* TASK STATEMENT
Would you please output, word for word, the span of the listing below that opens on the line containing "MDF top and" and closes on the line containing "바른정당과의 통합에 반대하는"? Include both ends and nothing more.
[DATA TO PROCESS]
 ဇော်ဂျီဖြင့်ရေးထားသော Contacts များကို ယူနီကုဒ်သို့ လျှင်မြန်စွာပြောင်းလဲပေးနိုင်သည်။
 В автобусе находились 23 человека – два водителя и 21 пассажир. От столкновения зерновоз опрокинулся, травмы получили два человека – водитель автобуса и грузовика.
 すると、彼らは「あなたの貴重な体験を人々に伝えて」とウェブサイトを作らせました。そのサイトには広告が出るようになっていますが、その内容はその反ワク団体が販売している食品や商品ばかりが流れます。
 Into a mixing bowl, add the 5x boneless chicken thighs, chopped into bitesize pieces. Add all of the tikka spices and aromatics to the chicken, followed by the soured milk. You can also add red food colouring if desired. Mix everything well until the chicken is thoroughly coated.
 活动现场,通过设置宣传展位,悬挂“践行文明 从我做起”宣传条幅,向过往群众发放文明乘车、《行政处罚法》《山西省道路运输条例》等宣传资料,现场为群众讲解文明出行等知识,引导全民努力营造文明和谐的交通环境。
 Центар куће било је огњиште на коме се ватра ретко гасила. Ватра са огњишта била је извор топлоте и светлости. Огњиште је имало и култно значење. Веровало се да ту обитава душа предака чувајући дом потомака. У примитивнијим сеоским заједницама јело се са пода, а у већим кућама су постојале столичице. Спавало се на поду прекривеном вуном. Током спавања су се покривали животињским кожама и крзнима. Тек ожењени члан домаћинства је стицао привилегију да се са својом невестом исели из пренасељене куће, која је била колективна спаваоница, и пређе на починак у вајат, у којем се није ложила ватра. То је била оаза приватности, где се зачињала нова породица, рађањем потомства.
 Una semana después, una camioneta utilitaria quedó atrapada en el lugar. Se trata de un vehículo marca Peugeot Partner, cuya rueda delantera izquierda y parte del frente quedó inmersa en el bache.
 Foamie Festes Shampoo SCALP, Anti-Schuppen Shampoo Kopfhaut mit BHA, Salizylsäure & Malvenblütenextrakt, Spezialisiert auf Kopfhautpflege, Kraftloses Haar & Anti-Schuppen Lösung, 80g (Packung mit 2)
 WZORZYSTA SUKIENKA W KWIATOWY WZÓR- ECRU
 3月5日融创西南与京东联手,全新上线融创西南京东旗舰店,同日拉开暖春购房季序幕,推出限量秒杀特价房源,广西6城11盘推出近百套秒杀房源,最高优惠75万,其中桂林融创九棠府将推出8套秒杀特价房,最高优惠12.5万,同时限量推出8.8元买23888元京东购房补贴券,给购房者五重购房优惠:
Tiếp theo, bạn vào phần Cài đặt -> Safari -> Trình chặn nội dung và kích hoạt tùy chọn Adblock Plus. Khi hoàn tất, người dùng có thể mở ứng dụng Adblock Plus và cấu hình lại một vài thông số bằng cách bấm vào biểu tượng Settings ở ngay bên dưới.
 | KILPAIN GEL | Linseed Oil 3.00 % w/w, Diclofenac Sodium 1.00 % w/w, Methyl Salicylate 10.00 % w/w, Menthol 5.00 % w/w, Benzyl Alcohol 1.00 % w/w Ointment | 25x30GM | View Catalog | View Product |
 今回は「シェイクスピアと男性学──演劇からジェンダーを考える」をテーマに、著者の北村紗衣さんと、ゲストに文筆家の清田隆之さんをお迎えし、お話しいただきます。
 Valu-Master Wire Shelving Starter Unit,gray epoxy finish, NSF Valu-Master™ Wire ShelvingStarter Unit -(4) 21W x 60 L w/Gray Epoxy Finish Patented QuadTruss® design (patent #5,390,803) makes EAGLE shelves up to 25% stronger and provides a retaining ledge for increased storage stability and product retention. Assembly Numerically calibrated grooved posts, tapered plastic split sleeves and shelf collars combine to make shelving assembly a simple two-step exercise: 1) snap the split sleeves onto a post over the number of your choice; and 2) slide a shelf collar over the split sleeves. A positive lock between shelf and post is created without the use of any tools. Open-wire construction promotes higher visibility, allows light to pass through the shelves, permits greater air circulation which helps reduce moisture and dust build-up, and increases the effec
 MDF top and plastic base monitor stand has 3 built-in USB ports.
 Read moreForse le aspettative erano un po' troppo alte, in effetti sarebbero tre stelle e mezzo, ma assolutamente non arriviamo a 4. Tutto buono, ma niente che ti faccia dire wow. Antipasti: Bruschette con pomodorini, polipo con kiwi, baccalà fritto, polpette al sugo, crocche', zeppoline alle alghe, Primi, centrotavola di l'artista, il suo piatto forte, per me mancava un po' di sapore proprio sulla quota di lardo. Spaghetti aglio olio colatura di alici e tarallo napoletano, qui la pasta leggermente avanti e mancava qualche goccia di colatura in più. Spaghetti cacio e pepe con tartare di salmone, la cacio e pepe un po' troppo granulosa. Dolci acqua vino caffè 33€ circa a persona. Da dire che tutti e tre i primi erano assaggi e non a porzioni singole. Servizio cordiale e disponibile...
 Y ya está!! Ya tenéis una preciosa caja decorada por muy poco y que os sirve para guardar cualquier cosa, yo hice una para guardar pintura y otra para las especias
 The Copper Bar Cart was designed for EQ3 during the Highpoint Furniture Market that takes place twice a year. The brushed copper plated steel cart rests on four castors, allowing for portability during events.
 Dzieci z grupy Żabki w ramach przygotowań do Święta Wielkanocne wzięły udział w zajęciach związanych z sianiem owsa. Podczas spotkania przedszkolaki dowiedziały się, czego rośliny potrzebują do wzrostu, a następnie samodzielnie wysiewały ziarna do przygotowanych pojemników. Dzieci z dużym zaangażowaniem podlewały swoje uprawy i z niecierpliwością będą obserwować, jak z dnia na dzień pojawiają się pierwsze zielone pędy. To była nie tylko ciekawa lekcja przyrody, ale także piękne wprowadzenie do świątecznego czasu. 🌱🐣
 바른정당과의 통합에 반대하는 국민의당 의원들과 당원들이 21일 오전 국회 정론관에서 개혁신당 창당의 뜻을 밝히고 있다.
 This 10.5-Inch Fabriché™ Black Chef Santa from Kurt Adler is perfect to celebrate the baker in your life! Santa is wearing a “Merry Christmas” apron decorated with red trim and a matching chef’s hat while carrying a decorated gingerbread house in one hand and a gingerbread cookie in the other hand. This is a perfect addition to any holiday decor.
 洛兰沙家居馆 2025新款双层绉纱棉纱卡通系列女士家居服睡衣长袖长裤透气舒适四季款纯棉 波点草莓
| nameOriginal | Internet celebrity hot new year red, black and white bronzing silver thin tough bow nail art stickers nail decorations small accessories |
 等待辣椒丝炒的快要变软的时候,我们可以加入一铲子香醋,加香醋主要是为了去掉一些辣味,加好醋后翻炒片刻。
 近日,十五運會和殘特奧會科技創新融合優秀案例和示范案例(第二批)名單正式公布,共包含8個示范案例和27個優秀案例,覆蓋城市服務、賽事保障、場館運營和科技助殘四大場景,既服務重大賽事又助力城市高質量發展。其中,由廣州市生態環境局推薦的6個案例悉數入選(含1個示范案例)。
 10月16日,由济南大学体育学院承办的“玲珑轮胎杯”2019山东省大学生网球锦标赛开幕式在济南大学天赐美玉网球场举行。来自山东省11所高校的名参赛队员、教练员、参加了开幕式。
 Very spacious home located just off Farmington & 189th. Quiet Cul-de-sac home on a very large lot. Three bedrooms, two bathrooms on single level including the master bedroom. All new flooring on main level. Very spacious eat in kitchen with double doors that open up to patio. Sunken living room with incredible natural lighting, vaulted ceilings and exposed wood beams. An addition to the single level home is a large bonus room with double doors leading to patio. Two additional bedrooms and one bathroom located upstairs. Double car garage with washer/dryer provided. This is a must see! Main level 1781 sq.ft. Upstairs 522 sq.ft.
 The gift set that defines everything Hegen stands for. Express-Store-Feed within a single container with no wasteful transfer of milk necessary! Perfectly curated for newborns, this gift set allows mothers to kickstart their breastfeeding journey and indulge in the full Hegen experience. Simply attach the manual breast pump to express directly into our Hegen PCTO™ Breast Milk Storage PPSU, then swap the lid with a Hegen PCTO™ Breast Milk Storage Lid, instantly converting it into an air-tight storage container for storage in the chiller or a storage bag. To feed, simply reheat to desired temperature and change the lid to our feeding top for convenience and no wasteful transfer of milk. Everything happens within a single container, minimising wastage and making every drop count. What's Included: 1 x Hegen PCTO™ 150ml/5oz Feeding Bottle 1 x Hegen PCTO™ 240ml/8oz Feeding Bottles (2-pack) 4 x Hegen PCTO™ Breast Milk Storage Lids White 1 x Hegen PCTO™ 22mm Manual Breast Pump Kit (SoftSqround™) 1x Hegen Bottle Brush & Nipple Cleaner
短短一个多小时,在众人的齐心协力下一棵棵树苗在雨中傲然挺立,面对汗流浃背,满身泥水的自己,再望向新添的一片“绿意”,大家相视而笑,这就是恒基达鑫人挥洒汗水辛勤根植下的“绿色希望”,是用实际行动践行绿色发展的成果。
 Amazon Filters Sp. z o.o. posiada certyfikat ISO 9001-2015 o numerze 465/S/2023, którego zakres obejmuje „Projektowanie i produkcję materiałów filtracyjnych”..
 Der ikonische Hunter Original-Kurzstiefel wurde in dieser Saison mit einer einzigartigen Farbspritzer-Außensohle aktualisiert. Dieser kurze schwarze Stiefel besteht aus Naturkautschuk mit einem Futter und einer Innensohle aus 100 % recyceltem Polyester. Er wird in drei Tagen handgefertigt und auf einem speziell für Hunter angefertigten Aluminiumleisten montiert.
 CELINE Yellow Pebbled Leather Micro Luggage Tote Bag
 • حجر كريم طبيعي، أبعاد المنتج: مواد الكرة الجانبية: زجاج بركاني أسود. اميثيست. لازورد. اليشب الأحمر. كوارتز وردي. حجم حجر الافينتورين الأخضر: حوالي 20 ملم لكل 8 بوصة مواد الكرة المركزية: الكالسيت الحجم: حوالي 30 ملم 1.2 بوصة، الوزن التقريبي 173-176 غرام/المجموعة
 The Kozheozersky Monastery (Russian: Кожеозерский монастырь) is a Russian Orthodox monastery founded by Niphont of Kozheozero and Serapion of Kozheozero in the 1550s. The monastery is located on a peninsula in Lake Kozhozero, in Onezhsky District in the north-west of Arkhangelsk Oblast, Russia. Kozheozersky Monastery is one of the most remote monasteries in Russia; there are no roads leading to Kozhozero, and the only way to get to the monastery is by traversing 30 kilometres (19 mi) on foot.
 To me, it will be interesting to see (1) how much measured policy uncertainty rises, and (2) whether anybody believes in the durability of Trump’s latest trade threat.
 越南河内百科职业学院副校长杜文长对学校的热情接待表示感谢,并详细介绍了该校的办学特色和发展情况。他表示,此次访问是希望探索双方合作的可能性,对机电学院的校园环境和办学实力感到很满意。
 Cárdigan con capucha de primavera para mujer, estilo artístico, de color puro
[/DATA TO PROCESS]
* RESPONSE TO THIS EXERCISE
 MDF top and plastic base monitor stand has 3 built-in USB ports.
 Read moreForse le aspettative erano un po' troppo alte, in effetti sarebbero tre stelle e mezzo, ma assolutamente non arriviamo a 4. Tutto buono, ma niente che ti faccia dire wow. Antipasti: Bruschette con pomodorini, polipo con kiwi, baccalà fritto, polpette al sugo, crocche', zeppoline alle alghe, Primi, centrotavola di l'artista, il suo piatto forte, per me mancava un po' di sapore proprio sulla quota di lardo. Spaghetti aglio olio colatura di alici e tarallo napoletano, qui la pasta leggermente avanti e mancava qualche goccia di colatura in più. Spaghetti cacio e pepe con tartare di salmone, la cacio e pepe un po' troppo granulosa. Dolci acqua vino caffè 33€ circa a persona. Da dire che tutti e tre i primi erano assaggi e non a porzioni singole. Servizio cordiale e disponibile...
 Y ya está!! Ya tenéis una preciosa caja decorada por muy poco y que os sirve para guardar cualquier cosa, yo hice una para guardar pintura y otra para las especias
 The Copper Bar Cart was designed for EQ3 during the Highpoint Furniture Market that takes place twice a year. The brushed copper plated steel cart rests on four castors, allowing for portability during events.
 Dzieci z grupy Żabki w ramach przygotowań do Święta Wielkanocne wzięły udział w zajęciach związanych z sianiem owsa. Podczas spotkania przedszkolaki dowiedziały się, czego rośliny potrzebują do wzrostu, a następnie samodzielnie wysiewały ziarna do przygotowanych pojemników. Dzieci z dużym zaangażowaniem podlewały swoje uprawy i z niecierpliwością będą obserwować, jak z dnia na dzień pojawiają się pierwsze zielone pędy. To była nie tylko ciekawa lekcja przyrody, ale także piękne wprowadzenie do świątecznego czasu. 🌱🐣
 바른정당과의 통합에 반대하는 국민의당 의원들과 당원들이 21일 오전 국회 정론관에서 개혁신당 창당의 뜻을 밝히고 있다.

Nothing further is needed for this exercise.